12 Apr 2021
Sophie Mahendran
Job Title
The past decade has seen an evolution in the priorities of farmers, milk buyers and the end consumer, with a real drive and focus towards improving the health and welfare of livestock.
This begins with ensuring the highest standards of care for calves, with a high health status in youngstock helping to build a more robust and resilient farming enterprise. This is mainly due to healthy calves having a shorter time from birth to conception, which is vital due to added rearing costs of £2.26 per day over 24 months (Boulton et al, 2015).
One of the biggest causes of delays to first service is the impact that calf-hood disease has on growth rates, with bovine respiratory disease (BRD) known to be the most serious.
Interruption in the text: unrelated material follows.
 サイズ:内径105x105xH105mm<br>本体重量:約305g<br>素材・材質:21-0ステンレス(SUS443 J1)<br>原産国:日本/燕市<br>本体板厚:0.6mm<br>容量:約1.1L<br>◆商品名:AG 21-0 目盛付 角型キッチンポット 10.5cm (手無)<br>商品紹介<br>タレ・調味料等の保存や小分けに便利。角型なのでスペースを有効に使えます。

Given that puberty is primarily determined by the bodyweight of the heifer, this slowing in growth rates leads to delays in ovarian cyclicity and, therefore, the ability to conceive, with an increased age at first calving by up to six months in calves affected by BRD (Correa et al, 1988).
BRD prevalence ranges between 20% to 78% on UK farms, with associated mortality rates varying between 2% to 8% (Johnson et al, 2017; Mahendran, Booth and Bell, 2017) and one study showing that calves treated for BRD were 2.5 times more likely to die after 90 days (Waltner-Toews et al, 1986).
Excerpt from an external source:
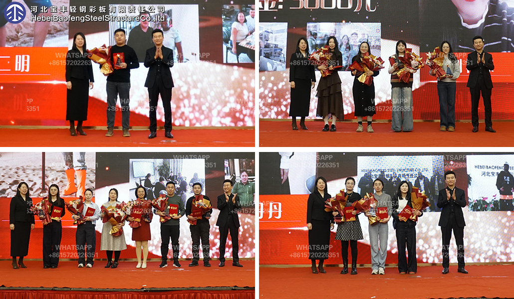 On January 18, 2026, Hebei Baofeng Steel Structure Co.,Ltd 2025 Annual Summary and Awards Ceremony was held grandly. The company's owner, management, and all employees gathered together to review the achievements of the past year, honor outstanding individuals, and look forward to a new journey. The atmosphere was festive, enthusiastic, and inspiring.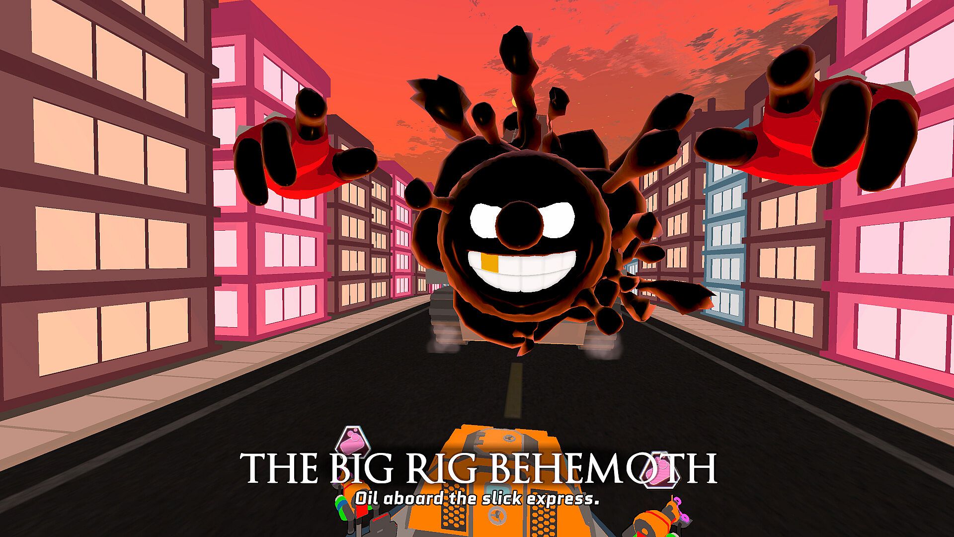 Clean Getaway is an award-winning 4-player couch co-op game. Your journey begins with Dr. Coney, a brilliant scientist who also happens to wear a traffic cone at all times. She’s had her free clean energy source stolen by Big Oil, an evil hive mind of sentient oil led by the Big Rig Behemoth. As her appointed strike team, it’s your job to get her research back and stop Big Oil once and for all – and maybe save Dr. Coney’s missing wife along the way!

Longer-term negative impacts of reduced survivability exist to the end of the first lactation in heifers affected by BRD as a calf (Rossini et al, 2004; Bach, 2011).
BRD is a multifactorial disease that has three main areas affecting both the likelihood of infection and the outcome of disease occurrence. These are the underlying health status of the calf itself, the pathogens involved in the infection and the environment that the calf is kept in.
Fundamentally, if we can produce a resilient calf with a strong immune system, housed in an environment that minimises exposure to infectious respiratory pathogens, then we “dilute” the risk posed by BRD in our youngstock.
A multitude of pathogens are involved in BRD infections, with the main ones being bovine respiratory syncytial virus, parainfluenza virus 3, Mannheimia haemolytica, Pasteurella multocida, Histophilus somni, Mycoplasma bovis and infectious bovine rhinotracheitis. Many instances of BRD, especially in younger calves, are thought to be initiated by viral pathogens, with secondary opportunistic bacterial invasion (often from upper respiratory tract commensals; Confer, 2009).
Clinical signs can be very subtle during early stages of the disease, with an increased rectal temperature and depressed demeanour that may manifest itself as a calf having increased lying times (Sutherland et al, 2018) or being slow to get up to feed. This then progresses to include the more typical signs of a cough, increased respiratory rate, and nasal and/or ocular discharge.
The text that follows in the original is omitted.